После восстания Бакунин скрылся на некоторое время из-под его наблюдения. И теперь, после того как Роман несколько месяцев жил и работал дружно и в согласии с III Отделением, между ними снова, как в апреле, возникают разногласия. Он продолжает сосредоточивать свое внимание на Бакунине, а III Отделение упорно добивается указаний относительно Нечаева. Оно предлагает ему отправиться в третий раз в Лион — пристанище, якобы, таинственного Нечаева. Роман же понимает, что ехать туда теперь бесцельно. Он в донесении от 29 октября старается доказать бесполезность новой поездки в Лион. Его идея состоит в том, чтобы «ехать в Марсель к Бакунину и его уже не покидать до тех пор, пока спокойствие не восстановится, или пока вы не изволите приказать оставить его; а быть при нем значит знать всякую минуту обо всем, что будет делаться в кругу революции, которая после занятия немецкими войсками Лиона обратится с полною силою против пруссаков, открыв свое седалище на юге, т. е. в Марселе, Бордо и Тулоне. То, что я вам имел честь доносить месяц тому назад, сбывается: пример Лиона заразил Марсель и Бордо, оба города пытались уже провозгласить себя независимыми коммунами, о чем говорил мне и хозяину гостиницы приехавший из Марселя тамошний купец, как равно и о том, что в Лиможе он слыхал об образовании какого-то общества, которое будет иметь целью убийство не только Наполеона и короля прусского, но постепенно истребление всех коронованных особ. Среди русских революционеров я об этом еще ничего не слыхал, а потому и не знаю, насколько можно дать веры этому слуху. В одном, быть может, вы изволите со мною согласиться: что если революция разыграется во Франции серьезная (а она непременно разыграется), то она неизбежно выработает фанатические личности и крайнюю демагогию. Самое деятельное в ней участие примет, конечно, Бакунин, если уцелеет до тех пор».

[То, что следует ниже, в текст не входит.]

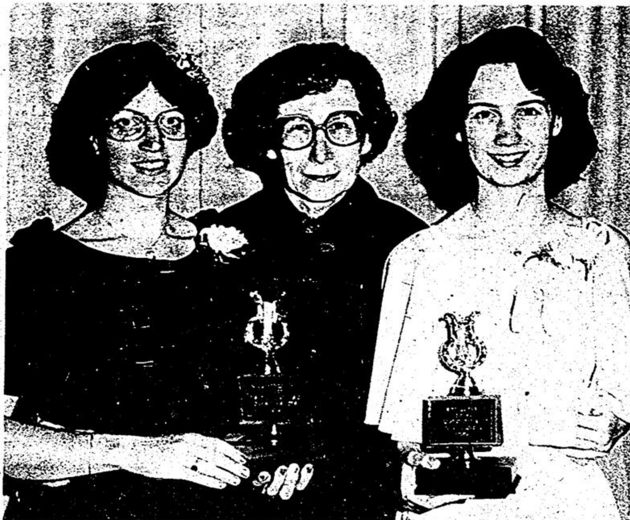
Students share memorial music award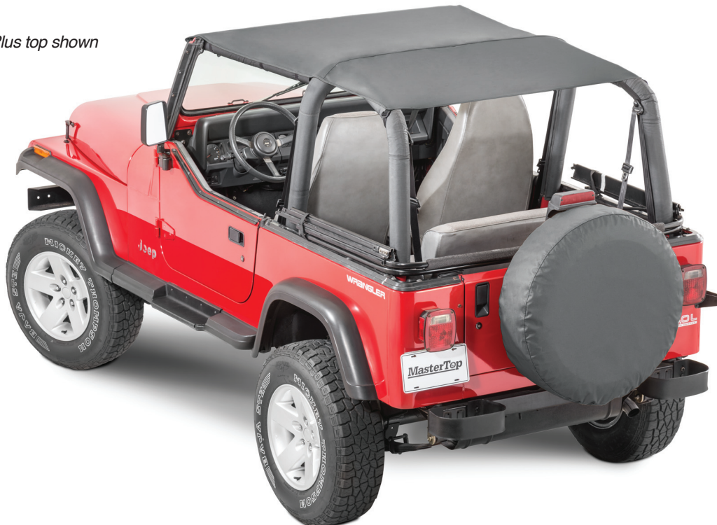
Bimini Plus top shown

Make sure the rear tension straps DO NOT interfere with rear seatbelt operation.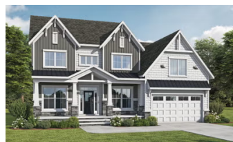
Reston $446,500 $476,300 2,484 - 3,266 Sq. Ft. 3 - 6 BR | 2.5 - 3.5 BA | 2 STORY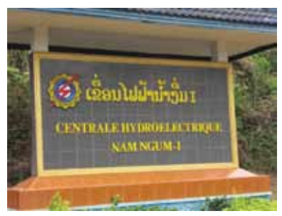
Nam Ngum 1

An L&S-7500 distributing valve replaced the Hitachi mechanical governor in the cabinet. Numerous mechanical components were removed for this replacement, which freed-up a lot of space in the cabinet. The L&S-7500 is a distributing valve with high flow capacity that is designed specifically to work with hydroelectric turbine controllers of low to medium operating pressure.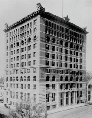
Real Estate Title Insurance Company was established in Minneapolis, Minnesota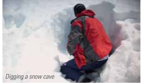
Digging a snow cave

The second shelter option is required if you have damaged the aircraft to such a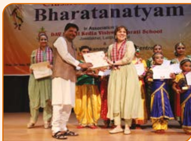
DAV Chairperson honouring the guests and winners during Bharatnatyam Classical Dance Evening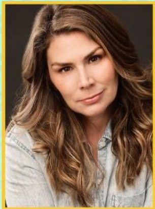
HEIDI BLICKENSTAFF (SHE/HER) MARY JANE HEALY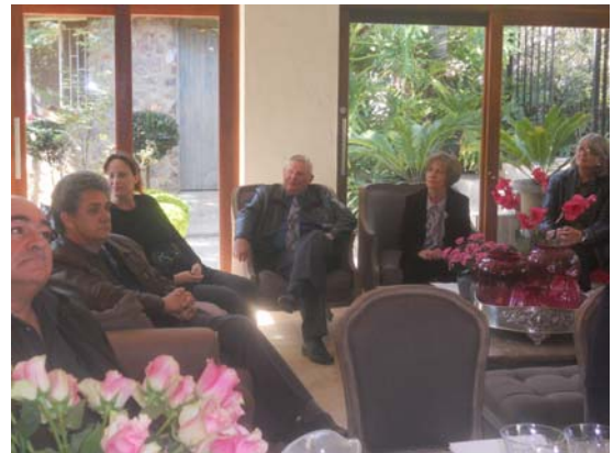
Râdâh Board and some students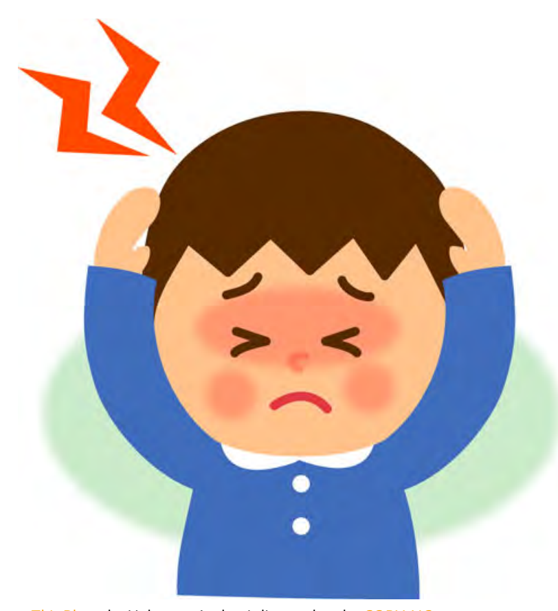
This Photo by Unknown Author is licensed under <a href="CC BY-NC">CC BY-NC</a>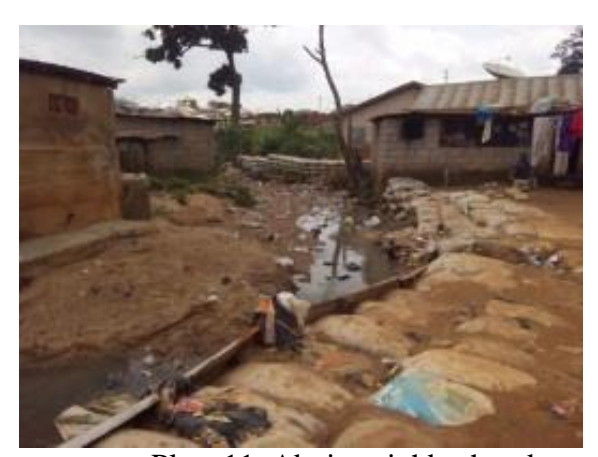
Plate 11. Abuja neighborhood

It is important to realize how these pressures resulting from development, on the urban geography mutually reinforce rather than correct one another. Although cities transform resources in ways that contribute strongly to economic development and social welfare, they also generate waste that pollute the urban-human environment and degrade renewable natural resources. A simple fact in this respect is that, though man's interaction with nature has brought about the formation of urban spaces and centres and their extension, the same process of interaction has also led to the degeneration of the spaces it created (plates 8, 9, 10 and 11). This is an important issue in housing and residential quantity and quality (Okonkwo, 1998, p33-34).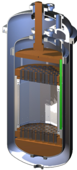
Figure 1: A cross section rendering of the LUX detector.

The ionization signal (“S2”) is read out with electroluminescent light in the gas region with the top PMT array.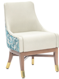
DINING CHAIR CNL-100

Seat Height: 19.0 in Seat Width: 18.0 in Seat Depth: 18.0 in Overall Height: 33.3 in Overall Width: 22.0 in Overall Depth: 24.0 in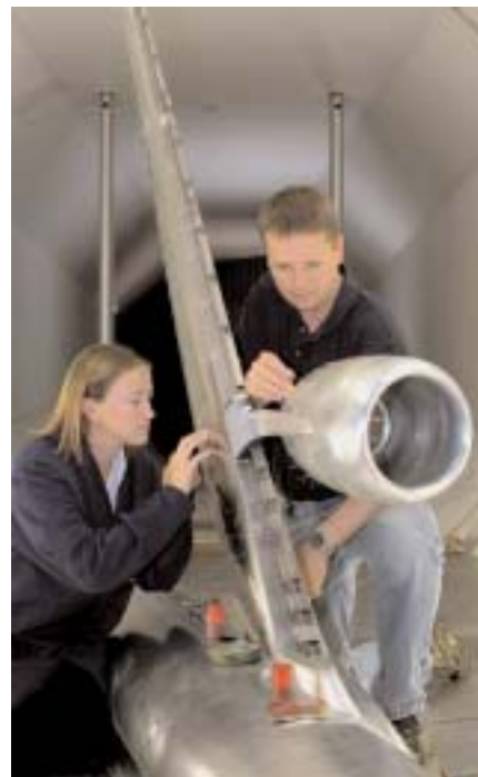
A350 Wind Tunnel Testing at Filton

The new wing is being investigated using extensive aerodynamic testing in a wind tunnel. This includes shaping the wing surfaces to optimise aerodynamic performance resulting in fuel-saving, which together with close-coupled GENx engines and a wing droop nose device, similar to that used on the A380, will enhance performance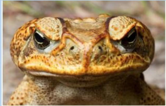
Toads have exaggerated brows, and bony ridges.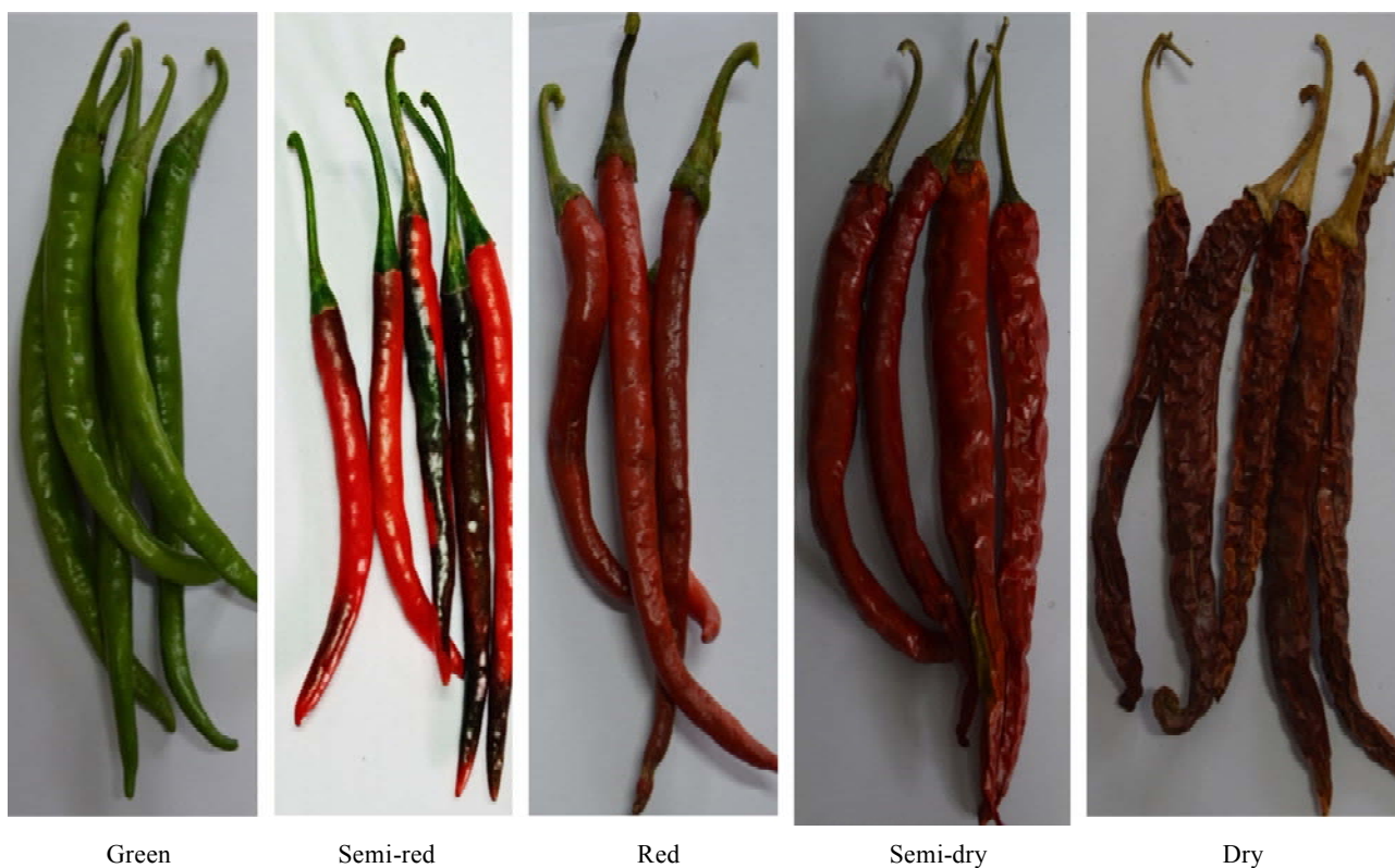
Fig. 3. Image shows different stages of Arka Meghana cultivar

The statistical analysis was carried out for the each observed character under the study using MS-Excel. The mean values of data were subjected to analysis of variance as described by (Gomez and Gomez, 1984).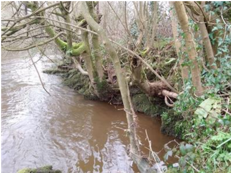
Figure 6. SN 62107 10729 Example bank type - RHB.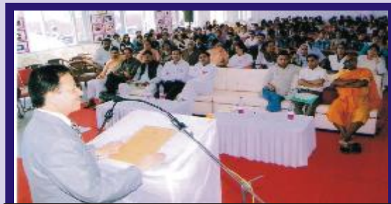
Camp organised in Collaboration with Haryana Yua Shakati in the campus of Maharani Kishori Jat Kanya College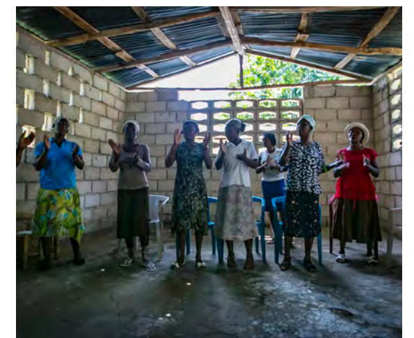
Shycanta Amy's Solidarity group sings a song during their monthly meeting.

Solidarity is Fonkoze's core lending program. It provides loans to groups of five women (called a Solidarity group), creating a built-in system of accountability and support. The loans (beginning at $45 and increasing to over $850) that are provided enable women who have already established themselves as micro-entrepreneurs to expand their businesses for long-term success.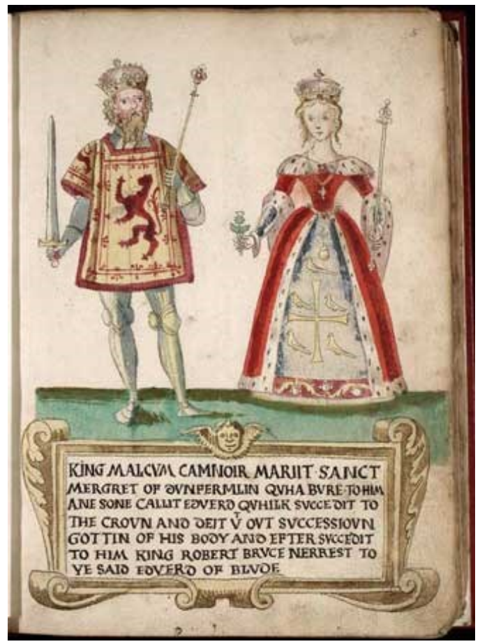
Portrait of Malcolm III and Margaret, from the Forman Armorial (1562).

In 1079 King Malcolm III came into England with a great army, ravaged Northumbrian land up to the Tyne, killed many hundreds of men, and took home much plunder. (Malcolm Canmore's goal was to extend the Scottish kingdom southward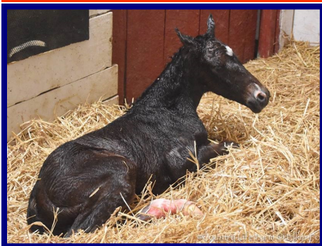
Mosler—Broken Trust Fund colt, 3/21. Owned by CLF & Broken Trust Fund LLC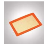
H.E.P.A. exhaust air filter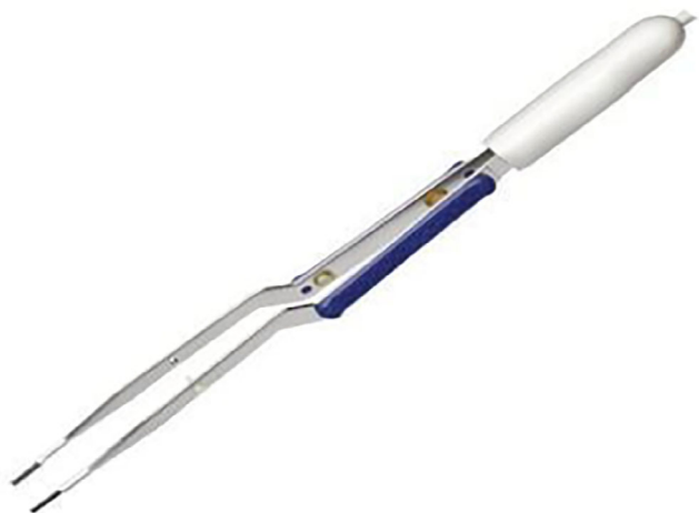
FIGURE 1 ENTceps (Microline Surgical, Beverly, Massachusetts)

A variety of surgical instruments and technologies are available for tonsillectomy. With each technology there is a varying degree of aerosolization. 6 Among them, a novel bayonet-style thermal welding device (TWD) (ENTceps; Microline Surgical, Beverly, Massachusetts; Figure 1) utilizes pressure and heat to generate a temperature gradient. This allows the device to cut tissue between the forceps and coagulate mucosa peripherally to form a seal. 7 In the context of SARS-CoV-2 and the introduction of this new technology, we set out to explore this instrument and its potential in reducing aerosolization in tonsillectomy.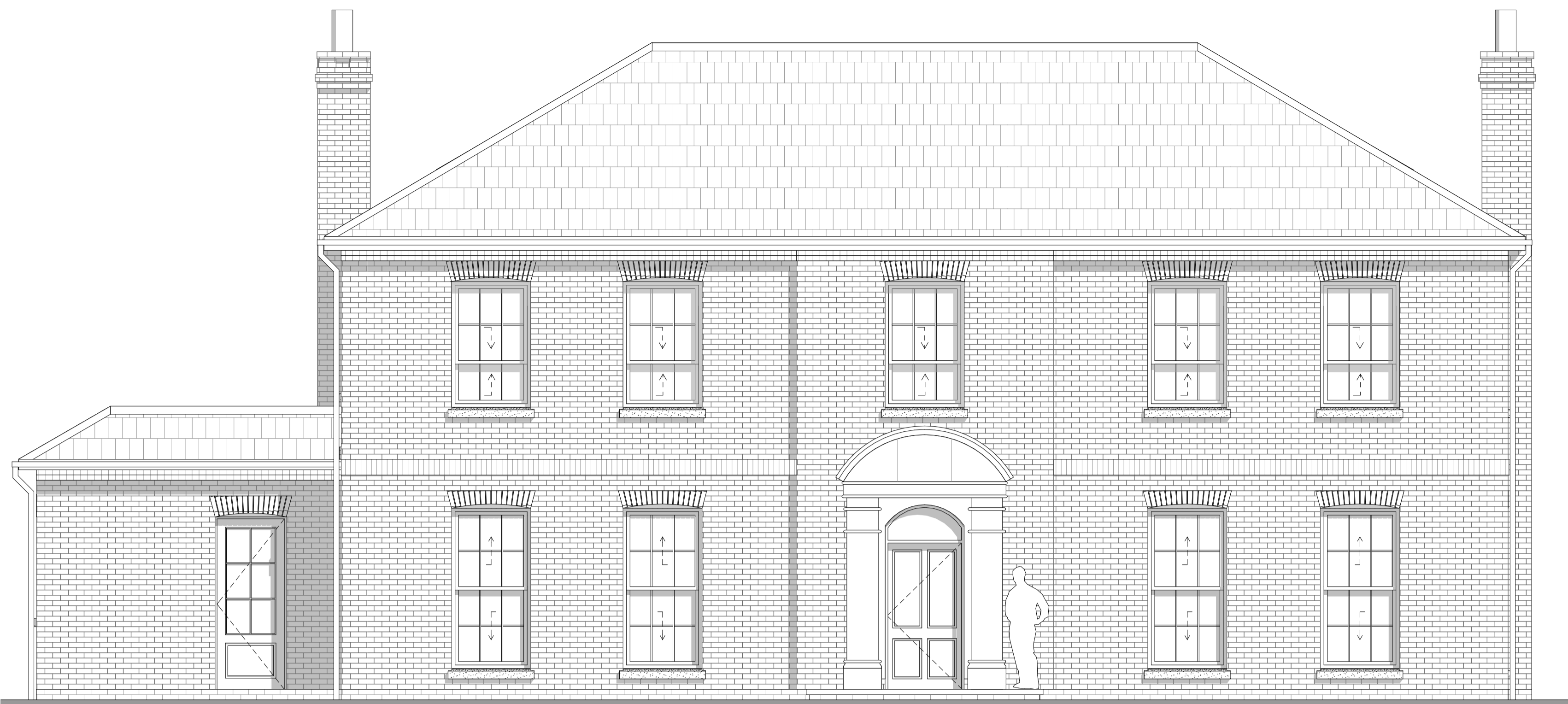
Front Elevation 1:50 @ A1

Note: This document and its design content is copyright ©. It shall be used in accordance with all other conditions of the original contract. It shall not be used for any other project without the written consent of the originator. It shall not be used for any other project without the written consent of the originator. It shall not be used for any other project without the written consent of the originator.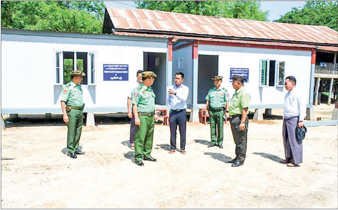
Recovery efforts intensified in Sagaing, Mandalay, and Kyaukse under Tatmadaw's senior officers.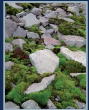
Vegetation is scattered across the site

Круто поворачивая на Бакунина, Роман оговаривается, что не ручается за то, что Бакунин в Марселе. Это только его мнение, но найти его нужно и должно.
«От Бакунина нет писем и известий» и 1 ноября, но «не успел я еще сдать это письмо на почту, как зашел ко мне пользующий меня доктор (Стелла, наш бывший офицер генерального штаба Савицкий) и говорил мне, что вчера m-me Герцен ему передала, что Бакунина все-таки арестовали в Марселе. Если бы это оправдалось, то, я думаю, в Марселе, где меня никто не знает, я бы под благовидным предлогом мог бы с ним повидаться».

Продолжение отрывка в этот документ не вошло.